What Does LPN Training Include?

Training courses include both clinical and theoretical modules as part of the learning program. Theoretical LVN training involves pediatric and maternity nursing, adult and geriatrics care, pharmacology and psychology, including physiology and anatomy. Practical training is completed by working in an actual facility under the supervision of a medical practitioner. Both forms of education allow you to gain the experience and knowledge required to perform the essential job duties of a practical nurse in Wisconsin.

State Approved LPN Schools in Madison, Wisconsin

Herzing University

5218 E Terrace Dr
Madison, WI 53718
Phone: (608) 395-3440

Madison Area Technical College

1701 Wright St
Madison, WI 53704
Phone: (608) 246-6484


Online LPN Schools for Students in Madison, Wisconsin


Can I Transfer MY LPN License From Another State to Wisconsin?

The best way to determine reciprocity and/or license requirements from one state to another is to contact the State Board of Nursing in the state in which you would like to practice nursing. They can advise you as to what you must do to transfer your LPN certification to their state and begin working.

What is it Like Working as an LPN?

There are both physical and emotional challenges to being a LPN. Many LPN positions require long work shifts spread over several consecutive days. This can be very demanding on the human body and might not be suitable for everyone. Nursing is also emotionally tiring because you are exposed to people who are suffering and that can weigh heavily on an individual’s conscience.
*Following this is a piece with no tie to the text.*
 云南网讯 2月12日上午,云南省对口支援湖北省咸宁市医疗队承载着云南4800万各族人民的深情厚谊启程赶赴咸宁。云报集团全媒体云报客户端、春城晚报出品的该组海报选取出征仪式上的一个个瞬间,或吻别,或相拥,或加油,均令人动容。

How Long Does LPN Training Take? How Much Does it Cost?

Costs vary by program type but typical LPN training costs range from $500 – $10,000. Private schools usually cost more than public schools, and online learning typically costs more than traditional campus-based programs. Diploma or certificate level programs are usually cheaper than 1-2 year long Associates degree courses. There might be financial assistance available for Madison students based on need or merit. Student loans might be necessary to cover additional educational expenses such as books, transportation and housing.
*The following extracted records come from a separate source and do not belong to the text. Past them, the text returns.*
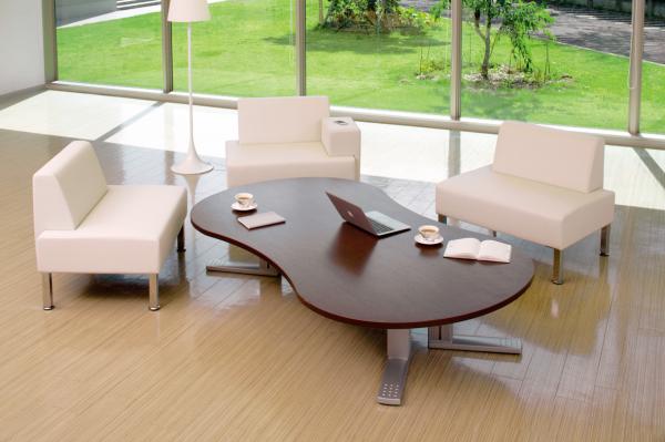 ユニークなひょうたん型の天板形状が場を和らげ、自由なポジションにチェアを配置することで個人のリラックス環境が生まれます。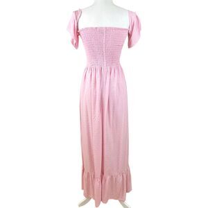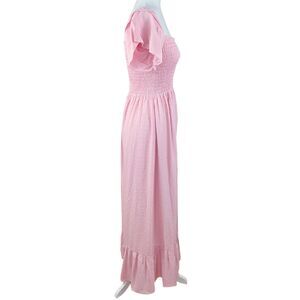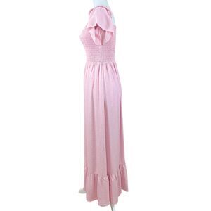 Slate & Willow Delicate Pink Maxi Dress Size M Shirred Bodice Off-the-Shoulder. Dress is in good preowned condition. Lightweight Swiss dot rayon fabric. Shirred bodice. Attached short sleeves drape over arms. Long skirt with ruffle flounce hemline. Skirt is lined.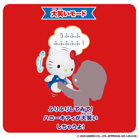 どんどんおしゃべりしてくれる「おしゃべりモード」、ユーザーの声や音に反応してお返事してくれる「おへんじモード」、振ると笑ってくれる「大笑いモード」、ポップコーン自販機で有名な『ハローキティ』を歌ってくれる「おうたモード」など、楽しい機能がいっぱい♪

How Can I Find LPN Classes Near Me?

Our website collects information from official state and government websites, nursing organizations, job agencies and other sources to provide our users with the most complete list of LPN training classes currently being offered. Our listings include campus-based programs and online LPN programs and is organized by location. See which Madison, Wisconsin colleges and universities currently have open enrollment for LPN training courses. If you don’t see what you are looking for, try using our custom LPN school search tool to identify training programs near you.

LPN Job Description – Daily Job Duties and Responsibilities

Newly licensed LPNs can seek employment in Madison hospitals, health clinics, doctor offices, podiatry offices, dental offices, convalescent homes and assisted living facilities. LPNs work under the direct supervision of a doctor or R.N. and provide the majority of direct patient care, according to the guidelines set forth by the supervisor. Typical daily job duties include maintaining patient medical records, administering medications, establishing IV lines, monitoring any changes in patient condition and executing the care plan set forth by the supervising physician or nurse. LPNs might be in charge of prepping the patient before undergoing a medical procedure. Other typical LPN duties include changing/dressing wounds, delivering warm compresses or massages, recording vital signs, using healthcare equipment such as catheters, oxygen masks and intravenous IV therapy.